## THE PROBLEM
Reproduce all the data exactly, without pictures.

## SUPPLIED INFORMATION
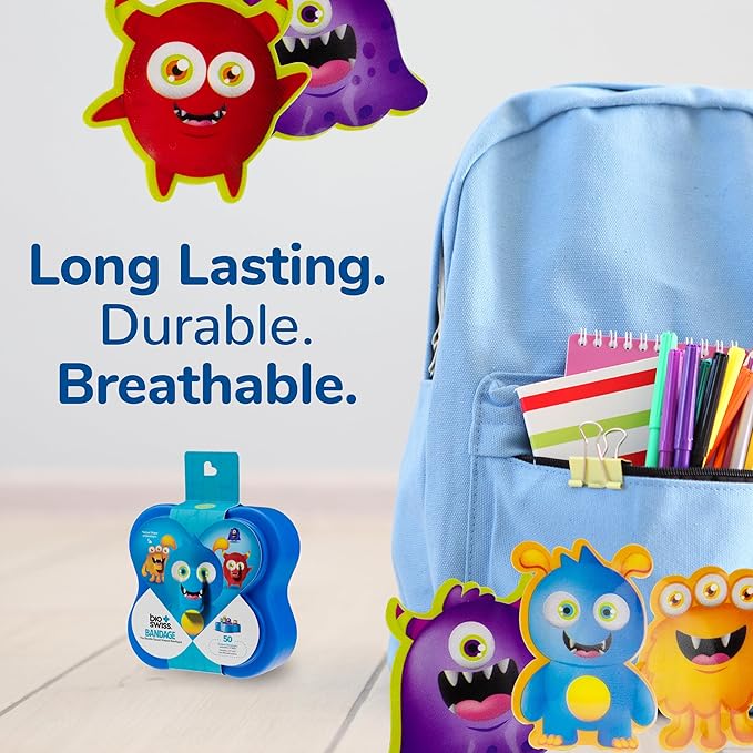 BioSwiss Bandages, Beastie Squad Shaped Self Adhesive Bandage, Latex Free Sterile Wound Care, Fun First Aid Kit Supplies for Kids and Adults, 50 Count
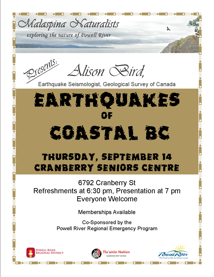 Alison Bird works as Earthquake Seismologist for Natural Resources Canada, and is based in Saanich.  Our club, in partnership with the Powell River Regional Emergency Program (PRREP), invited her to come talk to us about her area of expertise – earthquakes – and she graciously obliged.
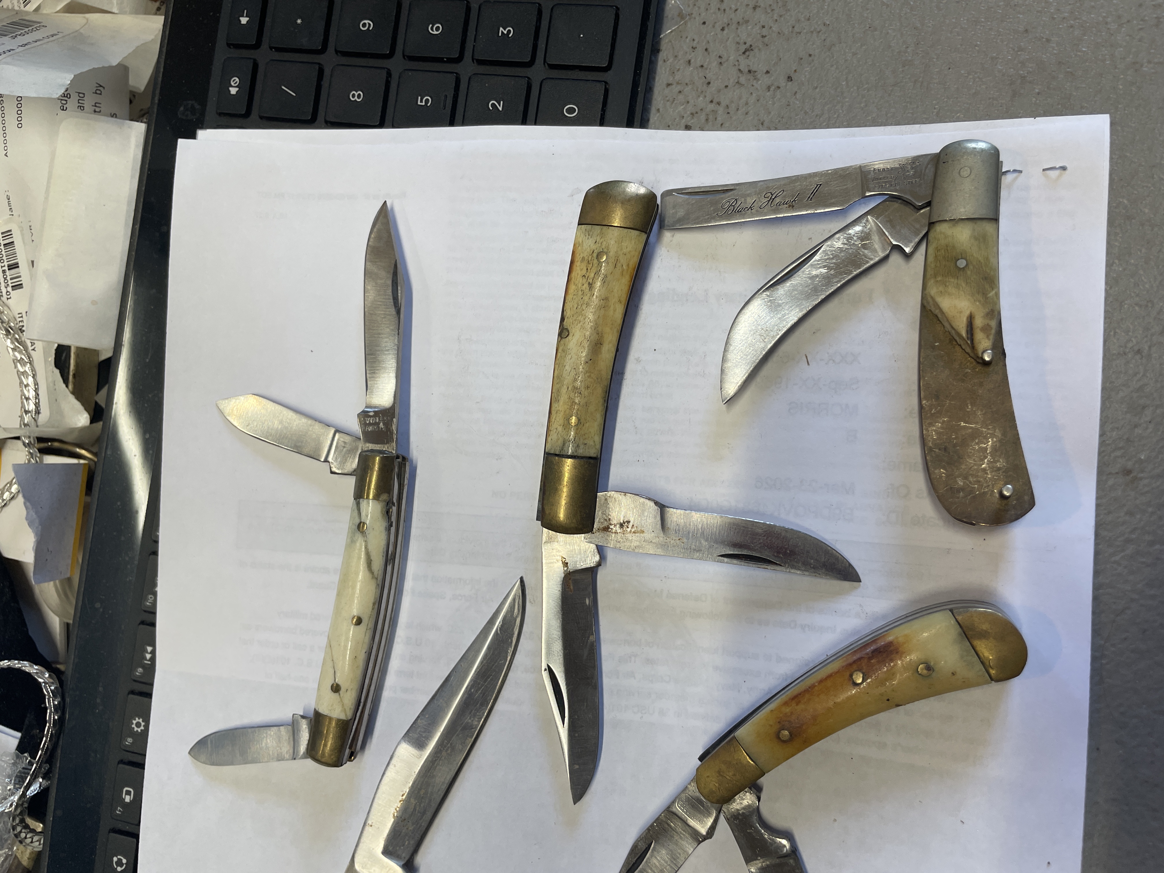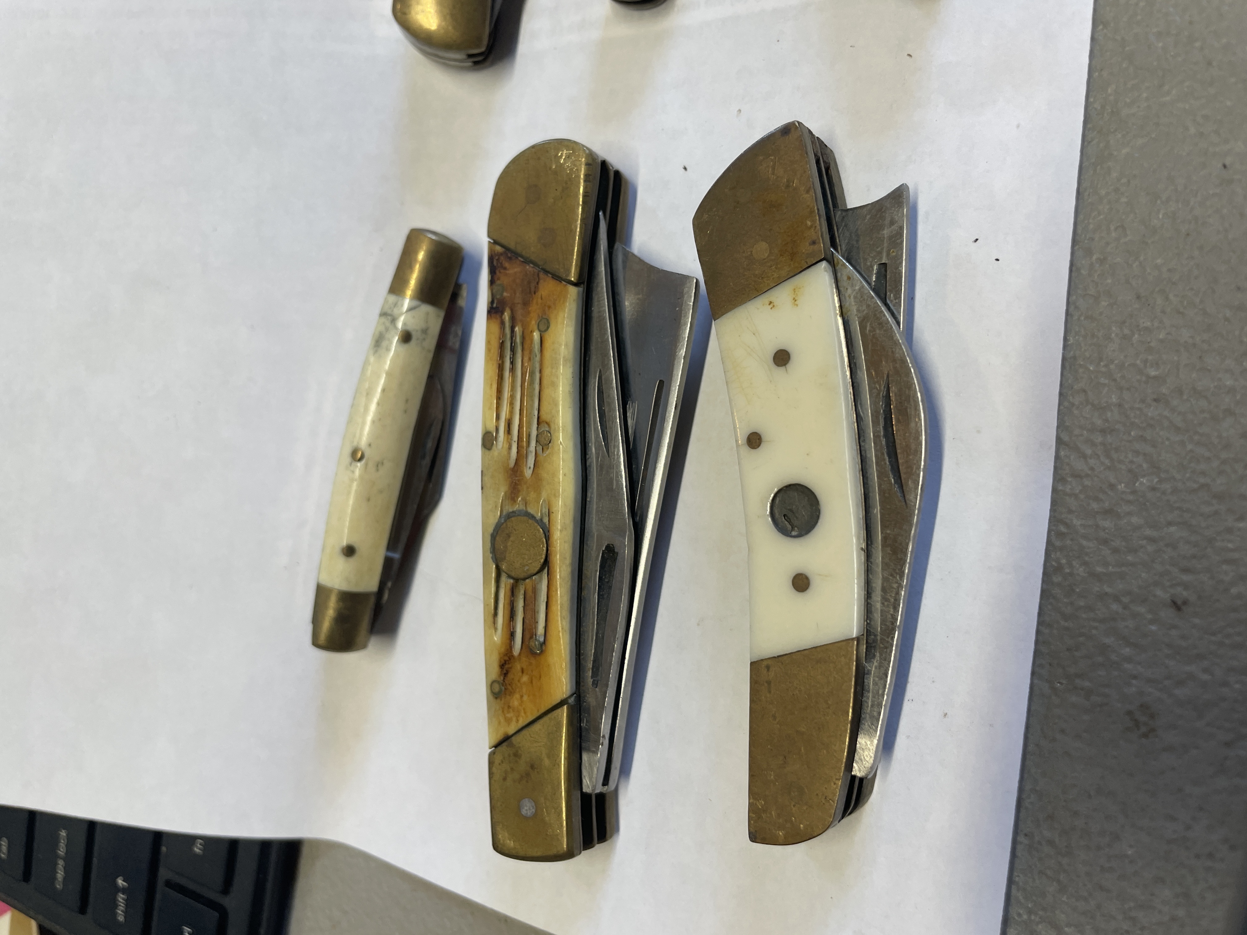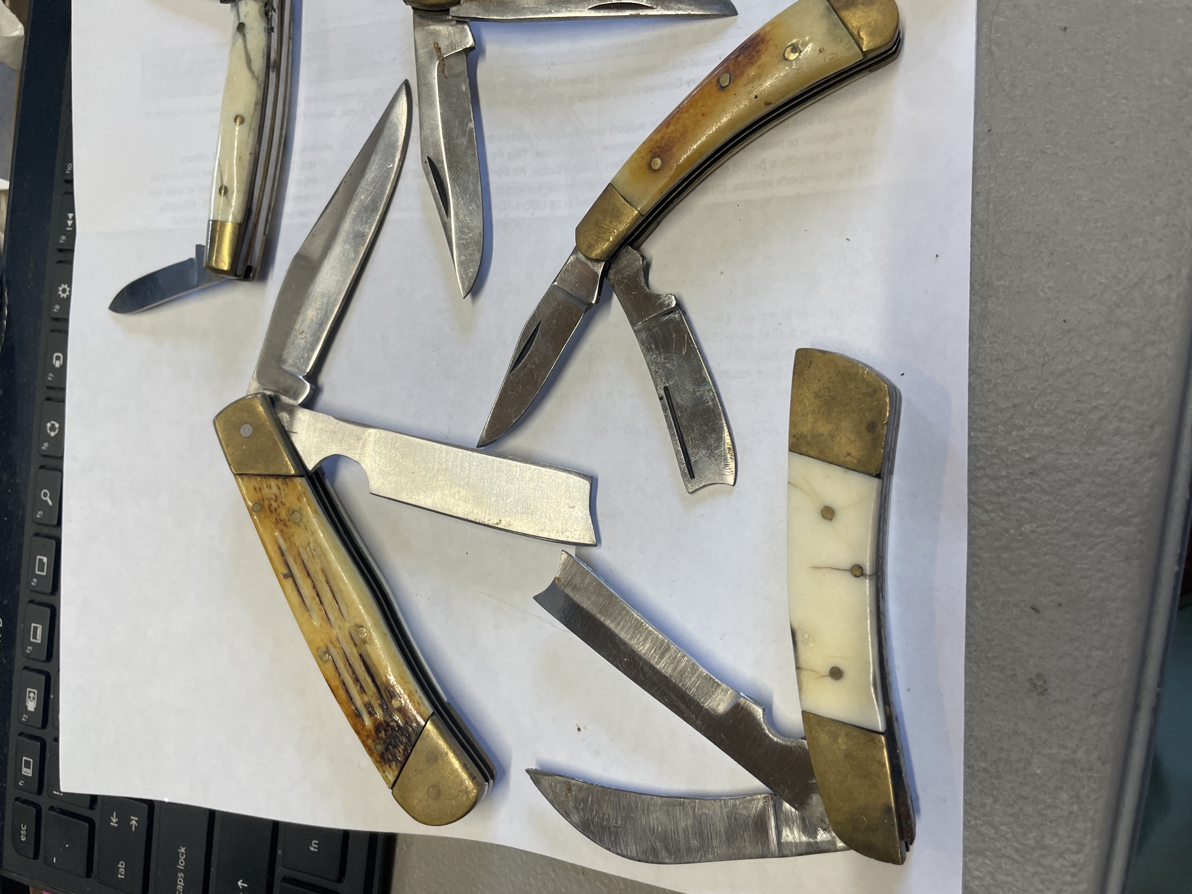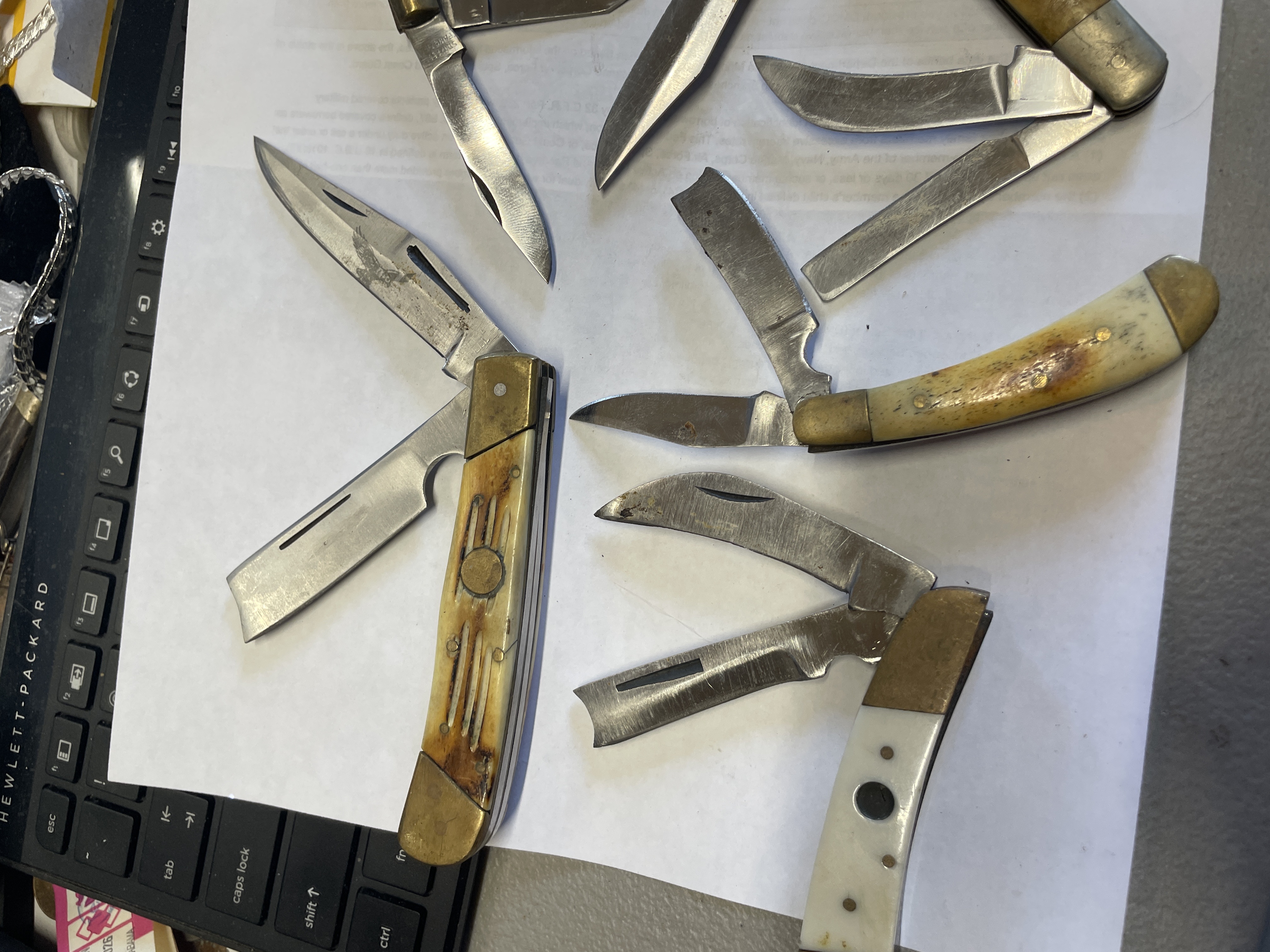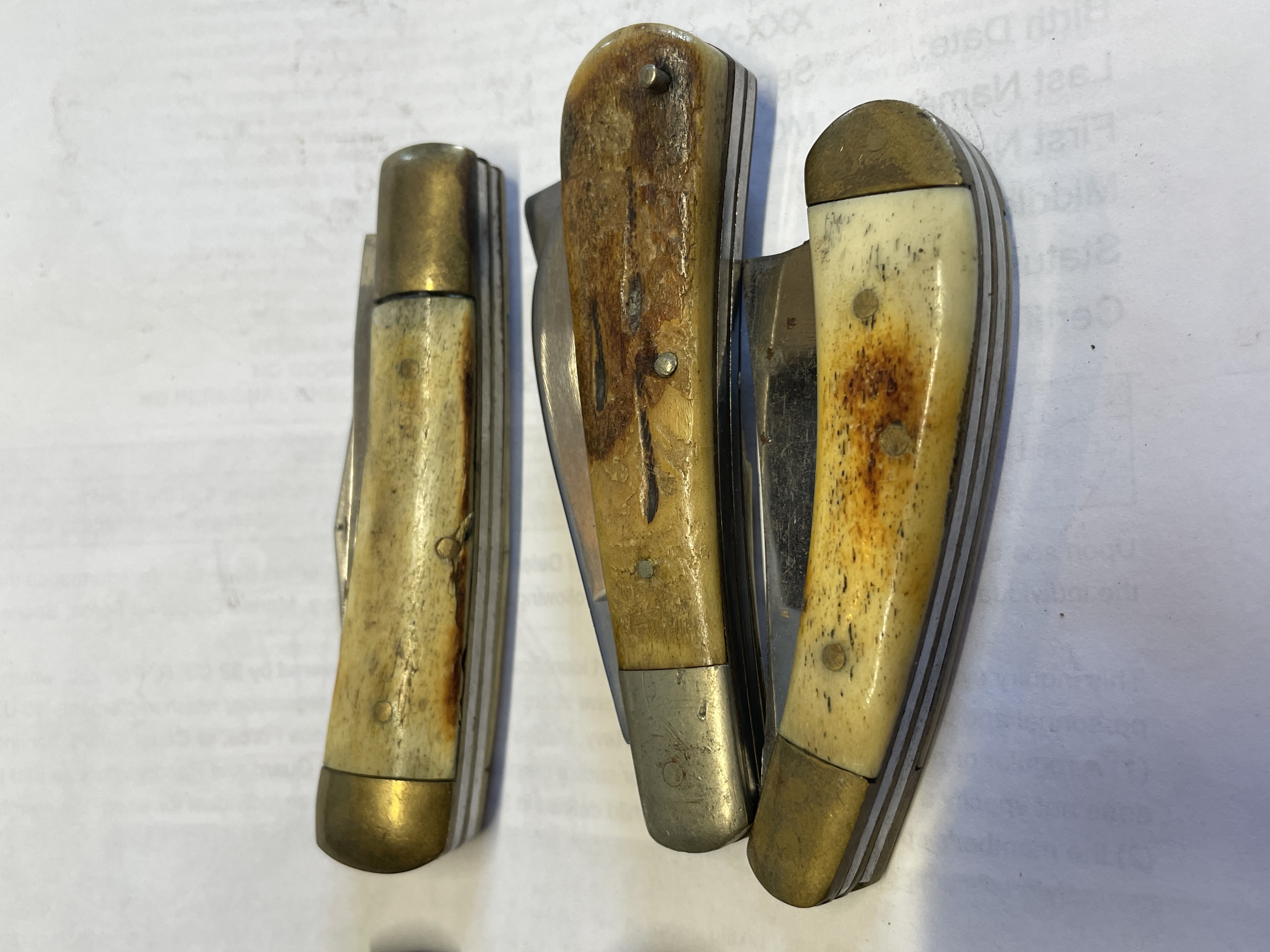 6 BONE HANDLED KNIVES VARIOUS MAKERS SOME HAVE DAMAGED SCALES SEE PICTURES FOR CONDITION

## ANSWER SPACE
 BioSwiss Bandages, Beastie Squad Shaped Self Adhesive Bandage, Latex Free Sterile Wound Care, Fun First Aid Kit Supplies for Kids and Adults, 50 Count
 Alison Bird works as Earthquake Seismologist for Natural Resources Canada, and is based in Saanich.  Our club, in partnership with the Powell River Regional Emergency Program (PRREP), invited her to come talk to us about her area of expertise – earthquakes – and she graciously obliged.
 6 BONE HANDLED KNIVES VARIOUS MAKERS SOME HAVE DAMAGED SCALES SEE PICTURES FOR CONDITION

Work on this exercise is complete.